ERSOY ÇELİK | BOLD
Yeni Şafak yazarı Hayrettin Karaman, 27 Ağustos Cumartesi günü kaleme aldığı yazısında, muhafazakar kitleleri etkilemek için klişe söylemlerini tekrarlamış ve “Sömürgeci Batı’ya göre AK Parti’ye/Erdoğan’a iktidar olma şansı baştan verilmemeli idi. Madem bu engellenemedi, devamı engellenmelidir” ifadelerini kullanmıştı. Akabinde de “Müslümanları” “safları sıklaştırmaya” ve Erdoğan’ın etrafında kenetlenmeye çağırmıştı.

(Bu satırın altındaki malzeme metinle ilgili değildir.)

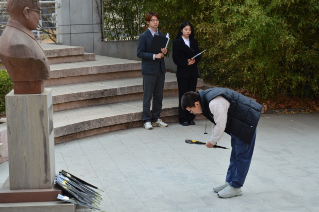 全体成员依次向穆旦雕像鞠躬并敬献鲜花,黄白相簇的花束表达了师生校友对穆旦先生深深的怀念与敬意。

“YOLSUZLUK HIRSIZLIK DEĞİLDİR” DEMİŞTİ
Hayrettin Karaman, Erdoğan’ın başı ne zaman dara düşse, ne zaman ihtiyacı olsa, derhal fetvalarıyla imdadına yetişen, her türlü hukuksuzluğuna ve yolsuzluğuna kılıf bulan ve fetvalarıyla “dindar” kitlelere tesir edebilen bir ilahiyatçı. “Batı, en başından beri Erdoğan’ı devirmek istiyor” mealindeki sözleriyle de, bir kez daha sahne almış oldu. 17-25 Aralık operasyonlarından bu yana, “Yolsuzluk hırsızlık değildir” , “İhale alan işadamı gönülsüz bile olsa hayır kurumlarına bağış yapabilir” “Seçim öncesi iktidar eleştirilmez” ve cumhurbaşkanlığı referandumu için “Evet demek farzdır” fetvalarıyla sürdürdüğü “çizgisinden sapmadığını” da gösterdi.

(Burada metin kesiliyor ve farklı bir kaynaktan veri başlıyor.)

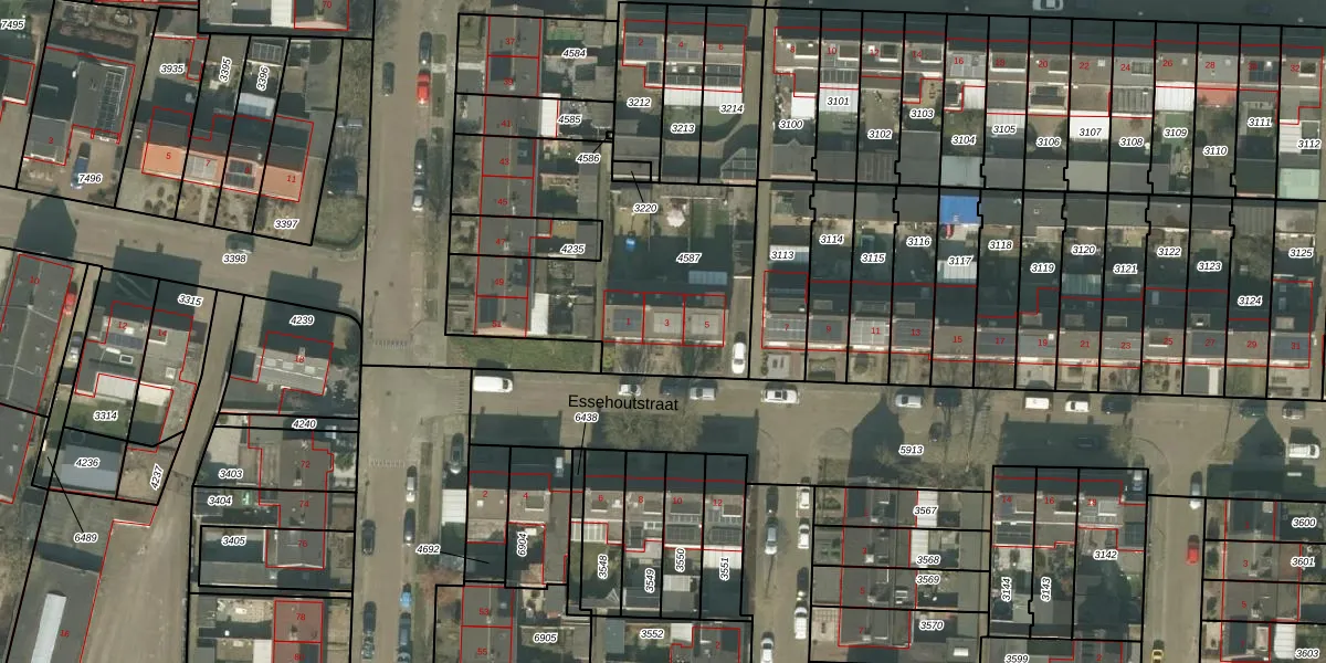 Essehoutstraat 3 is gelegen op kadastraal perceel HMD00T4587. Deze kadastrale aanduiding is uniek en wordt gebruikt door het Kadaster om eigendomsrechten en andere zakelijke rechten vast te leggen. Het perceel maakt onderdeel uit van de kadastrale gemeente Helmond.

BOP EŞBAŞKANLIĞI’NIN ÖVÜNÇLE ÜSTLENMEMİŞ MİYDİ?
En başından itibaren yıllarca Erdoğan’ın en yakınında bulunan Karar yazarı Akif Beki de Karaman’ın son yazısındaki yalanları bir bir sıraladı. Batı’nın askeri müdahaleler, kapatma davası ve vesayet düzeninin aşılmasında sonuna kadar Erdoğan’ın yanında yer aldığını hatırlattı ve ekledi: “Erdoğan, daha yasağı kalkmadan Washington’da, Brüksel’de el üstünde tutulmaya başlamamış mıydı? Bu demokratik dayanışmayı, gururla sahiplenmemiş miydi? Ve daha sonra BOP Eşbaşkanlığını, övünçle üstlenmemiş miydi?”
MUHAFAZAKAR KİTLELERİN GÖZÜNÜ BOYUYOR
Akif Beki yazısına, yukarıda da alıntıladığım üzere, “Bilmesek, içinde yaşamasak sadece dünümüzün değil, bugünümüzün de boyasını değiştirerek, başka bir şeymiş gibi yutturacaklar” ifadeleriyle başlamıştı. Karaman için alenen “sihirbaz” tanımı yaptı Beki. Arapça kökenli “sihir” kelimesi, “bir şeyi olduğundan başka türlü göstermek, hile yapmaki aldatmak” anlamlarına sahip. Karaman, aldatılmaya dünden razı olan “muhafazakar” kitlelerin gözünü itina ile boyuyor, hadiseleri çok farklı gösteriyor, Erdoğan’ın tüm haksızlıklarına meşruiyet kazandırmaya, “yutturmaya” çalışıyor.
ERDOĞAN’IN SALTANATI SÜRSÜN DİYE…
Fazıl bir alime ar etmek için “yutturmak” kelimesi dahi fazlasıyla yeter ama Karaman, Erdoğan’ın saltanatı devam etsin diye, hakkın hatırını ve ilmin izzetini ayaklar altına almaya ısrarla devam ediyor.